Speech and voice technologies are experiencing a profound review as new paradigms are sought to overcome some specific problems which cannot be completely solved by classical approaches. Neuromorphic Speech Processing is an emerging area in which research is turning the face to understand the natural neural processing of speech by the Human Auditory System in order to capture the basic mechanisms solving difficult tasks in an efficient way. In the present paper a further step ahead is presented in the approach to mimic basic neural speech processing by simple neuromorphic units standing on previous work to show how formant dynamics - and henceforth consonantal features - can be detected by using a general neuromorphic unit which can mimic the functionality of certain neurons found in the upper auditory pathways. Using these simple building blocks a General Speech Processing Architecture can be synthesized as a layered structure. Results from different simulation stages are provided as well as a discussion on implementation details. Conclusions and future work are oriented to describe the functionality to be covered in the next research steps.

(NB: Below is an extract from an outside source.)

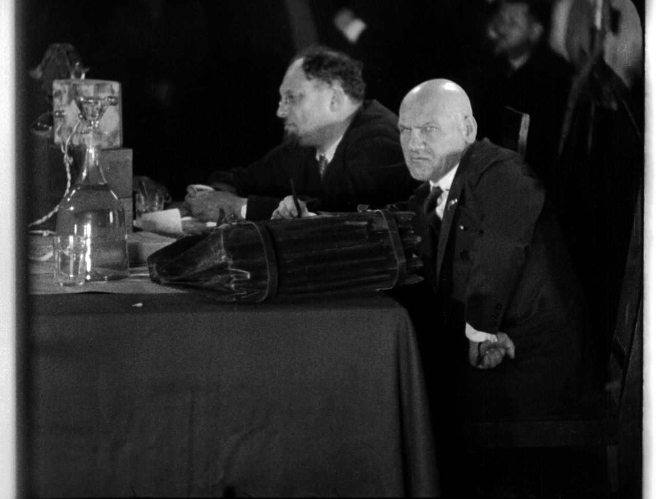 Товарищи Рамзин, Ларичев, Чарновский, Калинников и Федотов (впоследствии приговоренные к расстрелу), а также Куприянов, Очкин и Сытнин (по 10 лет лишения свободы) выступают так, что позавидуют артисты старого МХАТа. Станиславский — а он тогда, в конце 1930-го года, был жив и вполне мог присутствовать на процессе, — определенно сказал бы каноническое «Верю!» У них были причины играть убедительно: вероятно, власть дала им обещания. И даже сдержала — времена были сравнительно вегетарианские. Тогда ни один не был расстрелян, многие вышли раньше срока, а до того работали в шарашках на благо страны. Правда, многих все равно расстреляли несколько лет спустя. Некоторым повезло умереть своей смертью. Судьба троих осталась неизвестной. Видеть в финале этот титр, пожалуй, страшнее всего. Люди, определившие ход истории, были этой историей стерты, будто ластиком.

[1]  Jacob Benesty,et al.  Springer handbook of speech processing , 2007, Springer Handbooks.

[2]  Jont B. Allen,et al.  Nonlinear Cochlear Signal Processing and Masking in Speech Perception , 2008 .

[3]  S. Shamma,et al.  Physiological Representations of Speech , 2004 .

[4]  E. Capaldi,et al.  The organization of behavior. , 1992, Journal of applied behavior analysis.

[5]  John H. L. Hansen,et al.  Discrete-Time Processing of Speech Signals , 1993 .

[6]  Nobuo Suga,et al.  Basic Acoustic Patterns and Neural Mechanisms Shared by Humans and Animals for Auditory Perception , 2012 .

[7]  J. Rothwell Principles of Neural Science , 1982 .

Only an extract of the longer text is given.